Полковник Блейлок встал и отвесил учтивый поклон. Для большего впечатления от поклона не хватало только шелковых облегающих чулок, гофрированных манжеток и бархатного камзола.
— Практические дела, — сказал он, махнув рукой в сторону «промоутера», — это, если мне позволят такое сравнение, садовые дорожки, по которым мы идем на протяжении всей жизни, глядя по сторонам на цветы, оживляющие наше передвижение. И мне доставляет большое удовольствие проложить одну или две такие дорожки. А миссис Блейлок, сэр, одна из тех женщин высочайшего духа, чья миссия — это выращивание благоухающих цветов. Может, мистер Блум, вы слыхали строчки Лореллы, поэтессы Южных штатов. Под таким псевдонимом миссис Блейлок вносила свой вклад в прессу Юга на протяжении многих лет.

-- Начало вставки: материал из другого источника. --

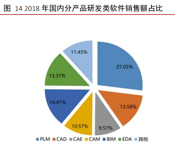 根据赛迪顾问数据,2018 年我国研发类软件市场规模 142.7 亿元,从产品分布来 看,PLM 目前规模最大,其他占比较高的软件有 CAD/CAE/CAM/EDA/BIM 等。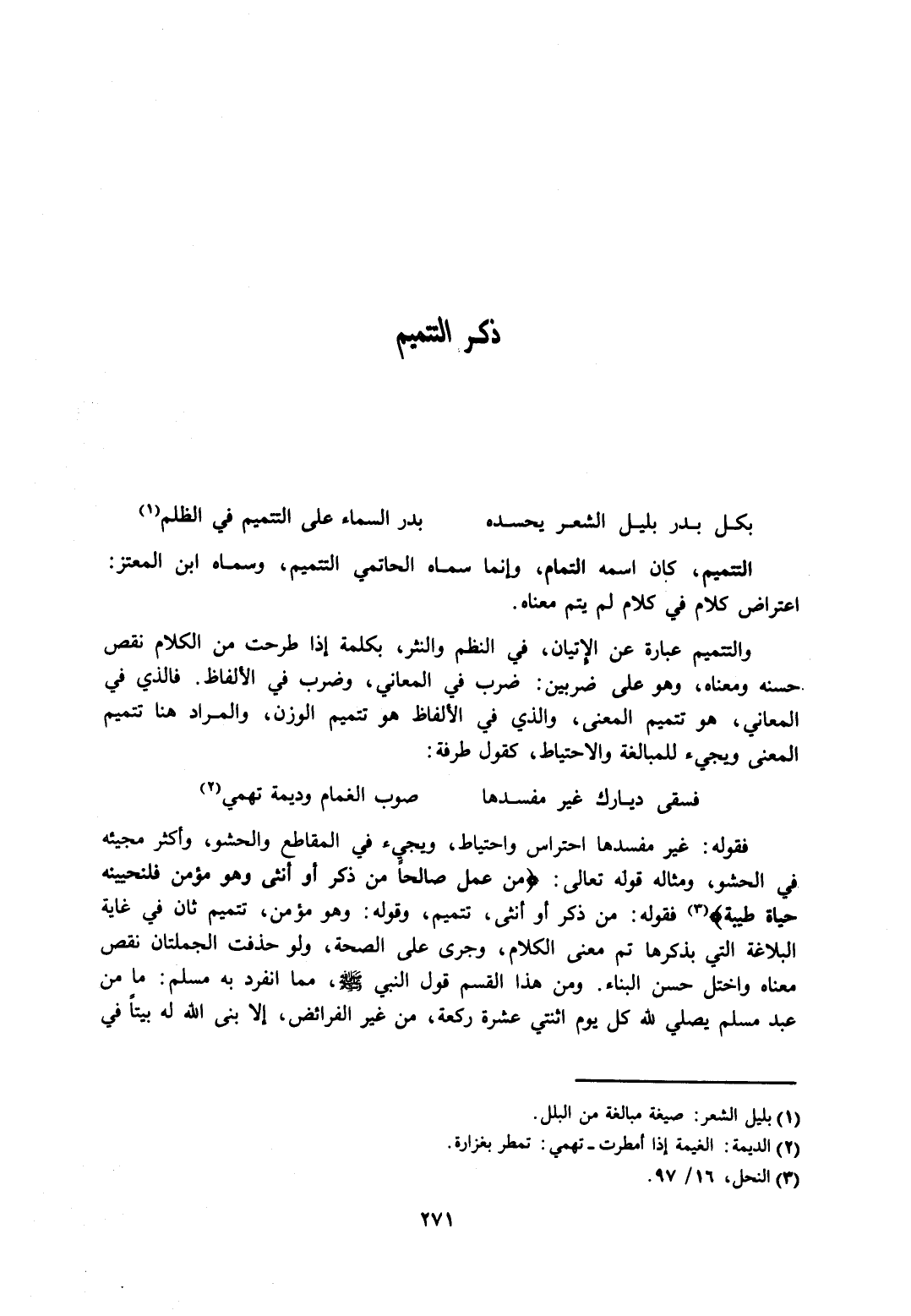 التتميم، كان اسمه التمام، وإنما سماه الحاتمي التتميم، وسماه ابن المعتز: اعتراض كلام في كلام لم يتم معناه.

— К своему большому несчастью, — сказал мистер Блум с печальным видом понесенной безвозвратной утраты на своем открытом лице, — я, как и полковник, сам состою в этом бизнесе, связанном с садовыми дорожками, и у меня не было времени, чтобы нюхать цветы по их сторонам. Поэзия — это такая область, с которой я никогда не имел дела. Но, должно быть, это тоже приятно, весьма приятно.
— Ах, это такая возвышенная область — улыбнулась миссис Блейлок, — в которой обитает моя душа. Где моя шаль, мистер Пейтон, — с этих зеленых холмов задувает легкий ветерок.
Полковник вытащил из кармана сюртука небольшую накидку из кружевного шелка и заботливо укрыл ею плечи своей дамы. Миссис Блейлок вздохнула, весьма довольная, и направила свои выразительные, все еще такие ясные и по-детски невинные глаза на обрывистые холмы, которые медленно проплывали перед ними. Они были такими красивыми, такими величественными этим ясным утром, напоенным прозрачным воздухом. Казалось, они отвечали в полной мере пытливому духу Лореллы.
— Ах, мои родные горы! — словно во сне, шептала она. — Вы только посмотрите, как «зелень пьет солнечный свет из впадин и долин!».
— Знаете, свои девичьи годы миссис Блейлок провела среди гор Северной Джорджии, — сказал полковник, трактуя ее настроение Д. Пинкни Блуму. — Горный воздух, горные пейзажи уносят ее воспоминаниями к тем далеким дням. Холли-Спрингс, где мы прожили двадцать лет, — это равнина, ровная как стол. Мне кажется, что от долгого проживания там у нее испортилось здоровье, надломился высокий дух. Вот одна из главных причин устроенной нами перемены мест. Дорогая, не могла бы ты вспомнить те строчки, которые ты когда-то написала, стихотворение, кажется, называется «Горы Джорджии». Эта поэма была усердно размножена всей южной прессой и высоко оценена критиками Атланты.
Миссис Блейлок, бросив на полковника взгляд невыразимой нежности, несколько секунд повертела пальчиками серебряный локон, упавший ей на грудь, и вновь устремила свой взор на горы. Без всякого предисловия, подготовки или аффектации она начала читать свои строки восторженным, глубоко прочувствованным тоном:
— Великая поэзия, мэм, — восторженно произнес Д. Пинкни Блум, когда поэтесса закончила чтение своих стихов. Приходится лишь сожалеть, что я не занимался в нужной мере поэзией. Я ведь сам вырос среди гор, в сосновых лесах.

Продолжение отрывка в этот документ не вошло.